Extracted information
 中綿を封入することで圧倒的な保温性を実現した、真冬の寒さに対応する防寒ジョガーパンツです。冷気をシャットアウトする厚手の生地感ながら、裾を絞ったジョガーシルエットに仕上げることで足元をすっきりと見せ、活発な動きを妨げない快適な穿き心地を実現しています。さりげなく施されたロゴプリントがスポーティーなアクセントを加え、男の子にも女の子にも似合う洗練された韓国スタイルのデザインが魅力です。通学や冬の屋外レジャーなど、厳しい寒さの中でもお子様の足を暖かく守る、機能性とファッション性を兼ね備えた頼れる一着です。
--
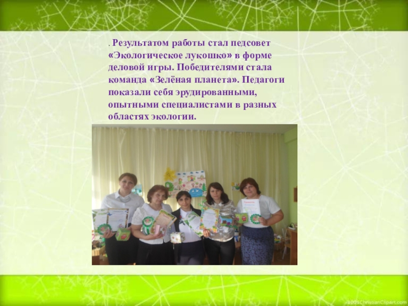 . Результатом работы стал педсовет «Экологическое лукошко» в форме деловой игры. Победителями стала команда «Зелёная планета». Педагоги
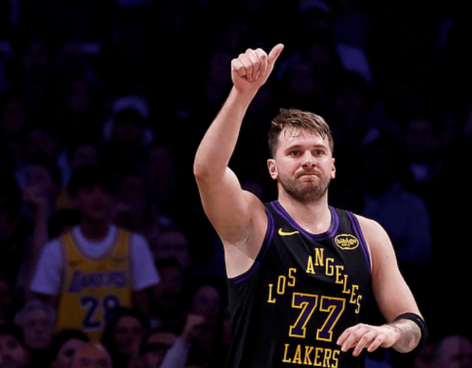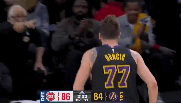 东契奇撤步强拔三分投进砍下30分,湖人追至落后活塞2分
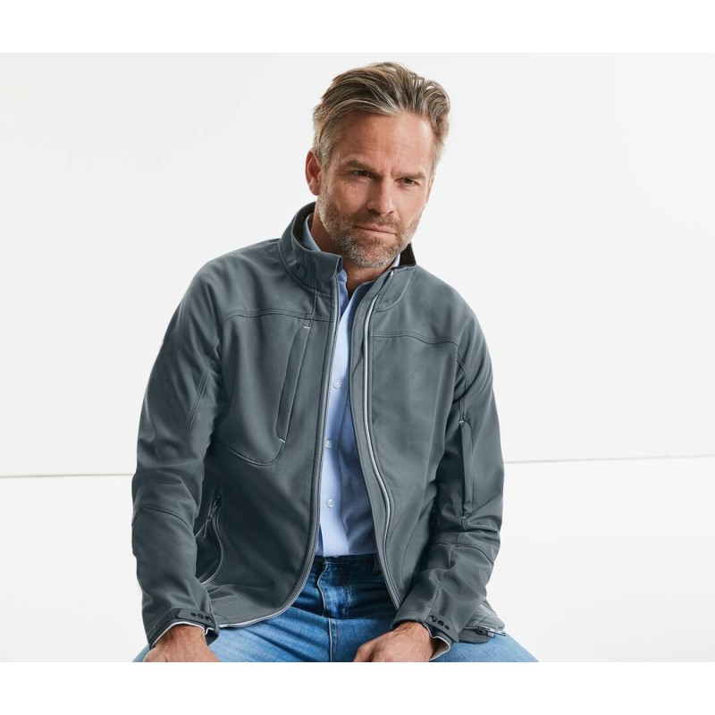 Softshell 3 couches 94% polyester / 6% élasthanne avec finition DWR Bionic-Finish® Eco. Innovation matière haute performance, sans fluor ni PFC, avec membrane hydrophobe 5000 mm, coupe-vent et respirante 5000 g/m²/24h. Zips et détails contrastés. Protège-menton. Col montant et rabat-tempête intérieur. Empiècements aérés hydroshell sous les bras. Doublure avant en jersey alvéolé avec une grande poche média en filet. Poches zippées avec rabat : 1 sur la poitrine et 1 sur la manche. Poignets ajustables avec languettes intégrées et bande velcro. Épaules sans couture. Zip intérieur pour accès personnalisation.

Your goal
Working from the records above, set down word for word everything from the line containing "Результатом работы стал" down to the line containing "东契奇撤步强拔三分投进砍下30分,湖人追至落后活塞2分", ends included, minus the pictures.

Output for this task
 . Результатом работы стал педсовет «Экологическое лукошко» в форме деловой игры. Победителями стала команда «Зелёная планета». Педагоги
 东契奇撤步强拔三分投进砍下30分,湖人追至落后活塞2分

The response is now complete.